Impact of morphine, fentanyl, oxycodone or codeine on patient consciousness, appetite and thirst when used to treat cancer pain
Abstract
Background
There is increasing focus on providing high quality care for people at the end of life, irrespective of disease or cause, and in all settings. In the last ten years the use of care pathways to aid those treating patients at the end of life has become common worldwide. The use of the Liverpool Care Pathway (LCP) in the UK has been criticised. In England the LCP was the subject of an independent review, commissioned by a Health Minister. The resulting Neuberger Review acknowledged that the LCP was based on the sound ethical principles that provide the basis of good quality care for patients and families when implemented properly. It also found that the LCP often was not implemented properly, and had instead become a barrier to good care; it made over 40 recommendations, including education and training, research and development, access to specialist palliative care services, and the need to ensure care and compassion for all dying patients.
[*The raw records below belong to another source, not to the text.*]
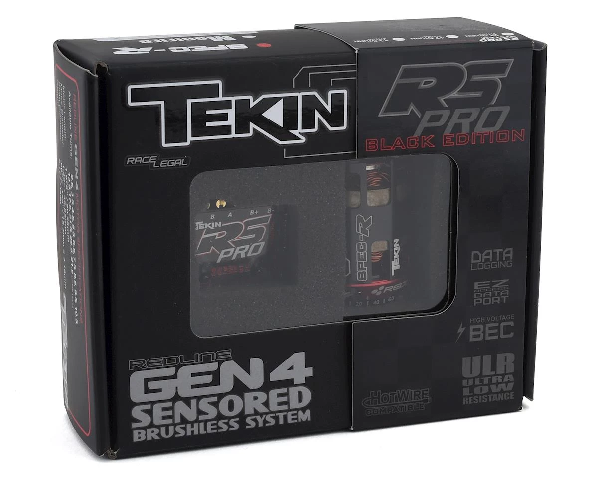 The Tekin RS Pro Black Edition Sensored Brushless ESC/Gen4 Spec R Motor Combo is the ultimate choice for racers looking for an ultra low resistance spec racing combo, that can get them to the top of the podium at the highest level of competition. Tekin’s SPEC-R brushless motors are engineered for award-winning performance. Utilizing the best materials available Tekin redesigned the SPEC-R to cut weight while reducing resistance, resulting in a purebred Spec racing machine. On Road or Off, the SPEC-R handles all situations, providing smooth power and control across all RPMs when you need it.
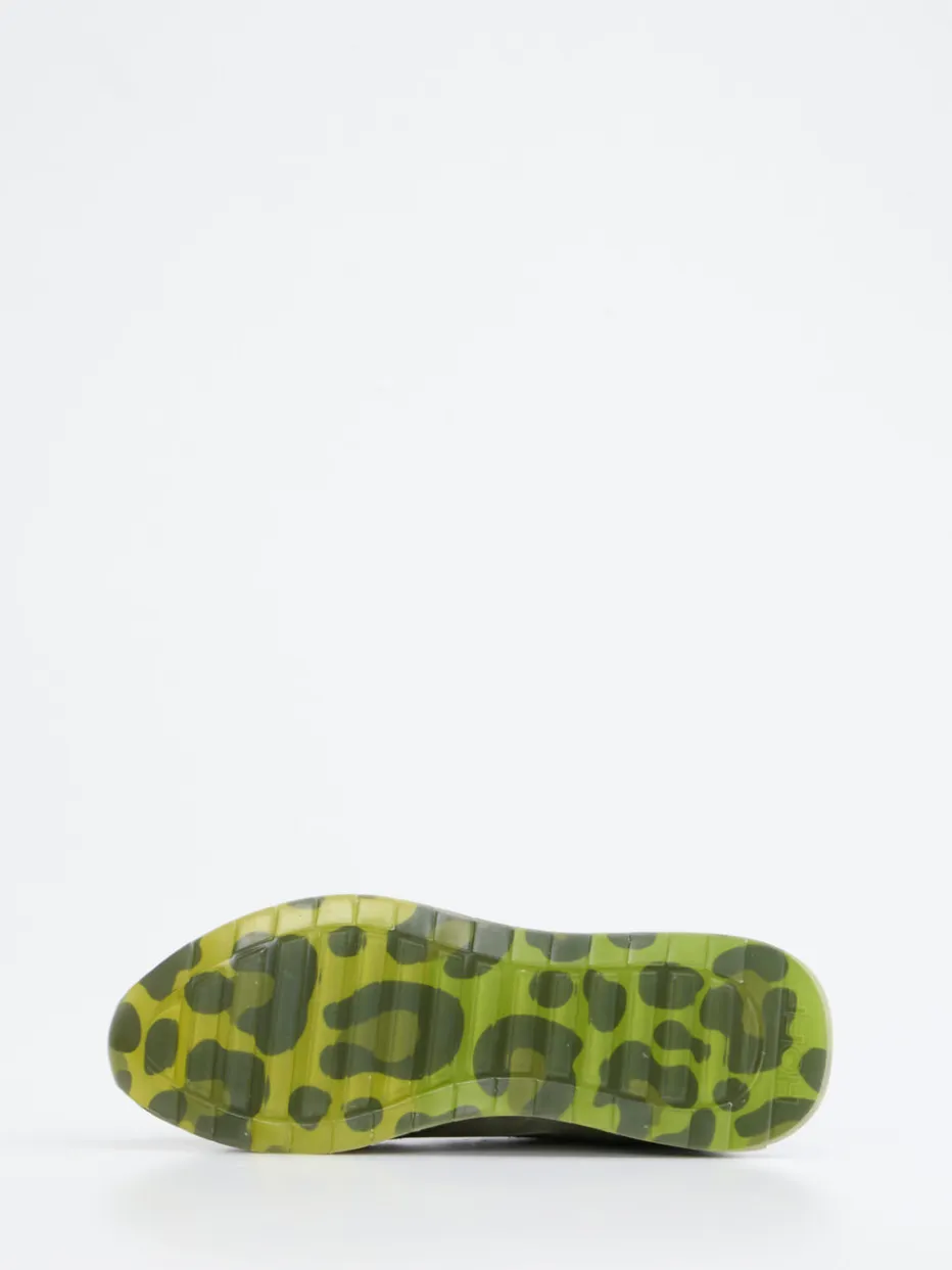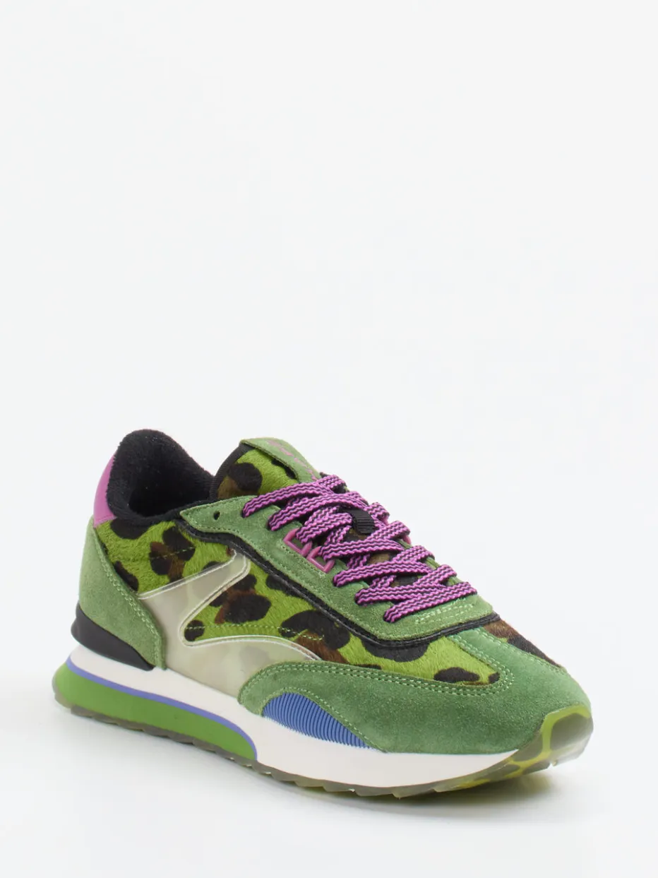 Extravagantes Design trifft Alltagstauglichkeit.THE HOFF BRAND liefert mit diesem Low-Top Sneaker ein markantes Modell für urbane Style-Statements. Ob für die City oder angesagte Events – das Modell überzeugt mit Veloursleder, samtig angeschliffen, kombiniert mit Textil in tierisch-gefärbter Felloptik. Die grasgrüne Grundfarbe wird von violett-schwarzen Schnürsenkeln und transparenten Seitenelementen akzentuiert. Ein gepolsterter Schaft und das frotteeweiche Innenfutter sorgen für Tragekomfort, während die mehrfarbige Gummisohle sicheren Halt bietet. Die Silhouette erinnert an Retro-Running-Stile und greift aktuelle Color-Blocking- sowie Animal-Print-Trends auf. Ein Unisex-Sneaker mit Eyecatcher-Faktor und klarer Streetstyle-Attitüde.
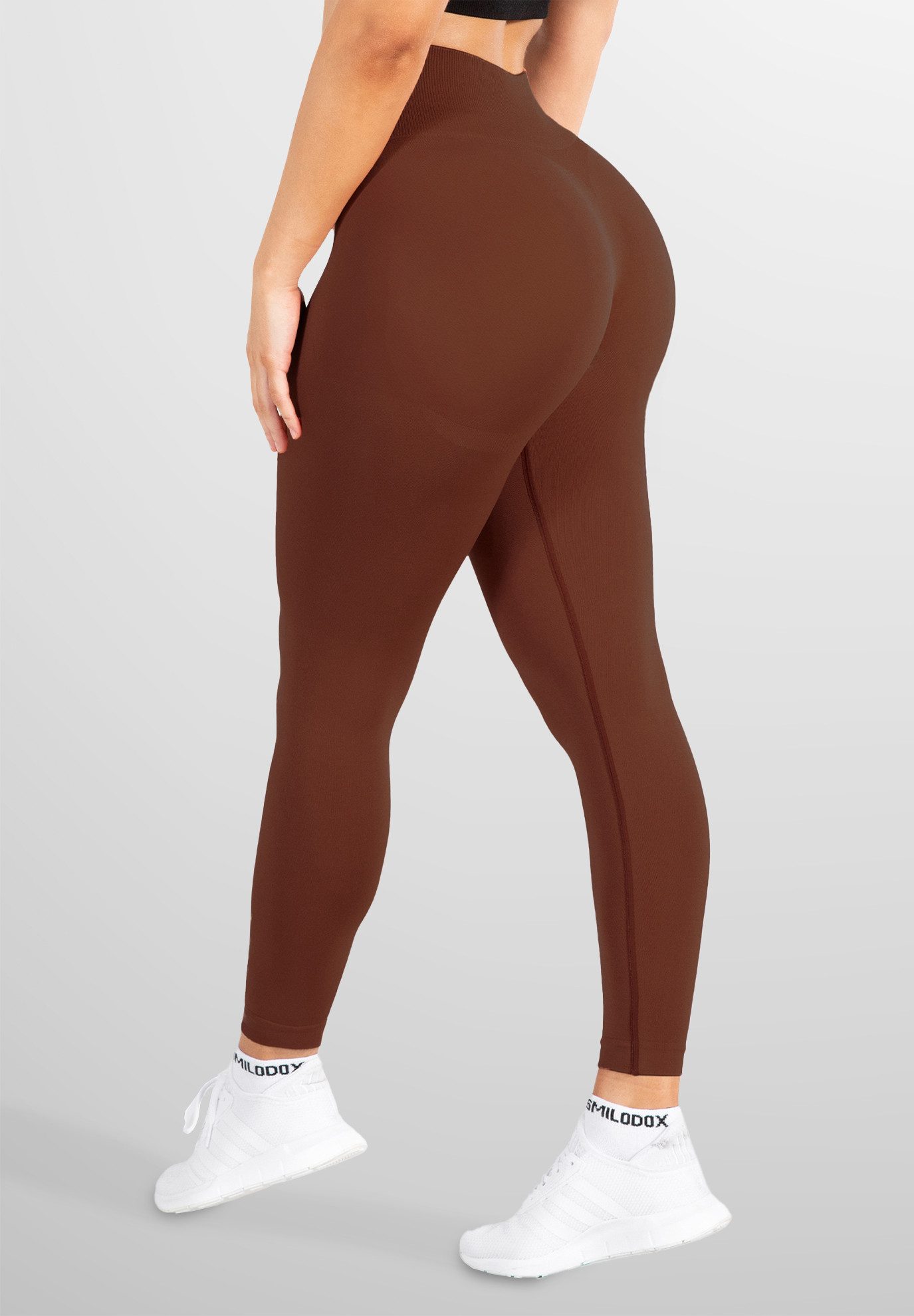 Die Smilodox Leggings Amaze Pro ist aus einem angenehmen, weichen und strapazierfähigen Material gefertigt. Sie ist atmungsaktiv und durch den sehr eng gewebten Seamless-Stoff blickdicht. Die Leggings passt sich ideal an deine Körperform an und ist rutschfest. Sie bietet eine sehr hohe Flexibilität und Bewegungsfreiheit. Wir empfehlen bei den Farben beige und aprikose eine Nummer größer als üblich zu bestellen, um Eventuelles durchschimmern bzw. Abzeichnen von Tattoos oder Unterwäsche zu vermeiden.

In July 2013, the Department of Health released a statement that stated the use of the LCP should be "phased out over the next 6‐12 months and replaced with an individual approach to end of life care for each patient".
The impact of opioids was a particular concern because of their potential influence on consciousness, appetite and thirst in people near the end of life. There was concern that impaired patient consciousness may lead to an earlier death, and that effects of opioids on appetite and thirst may result in unnecessary suffering. This rapid review, commissioned by the National Institute for Health Research, used standard Cochrane methodology to examine adverse effects of morphine, fentanyl, oxycodone, and codeine in cancer pain studies as a close approximation to possible effects in the dying patient.
Objectives
To determine the impact of opioid treatment on patient consciousness, appetite and thirst in randomised controlled trials of morphine, fentanyl, oxycodone or codeine for treating cancer pain.
Search methods
We assessed adverse event data reported in studies included in current Cochrane reviews of opioids for cancer pain: specifically morphine, fentanyl, oxycodone, and codeine.
Selection criteria
We included randomised studies using multiple doses of four opioid drugs (morphine, fentanyl, oxycodone, and codeine) in cancer pain. These were taken from four existing or ongoing Cochrane reviews. Participants were adults aged 18 and over. We included only full journal publication articles.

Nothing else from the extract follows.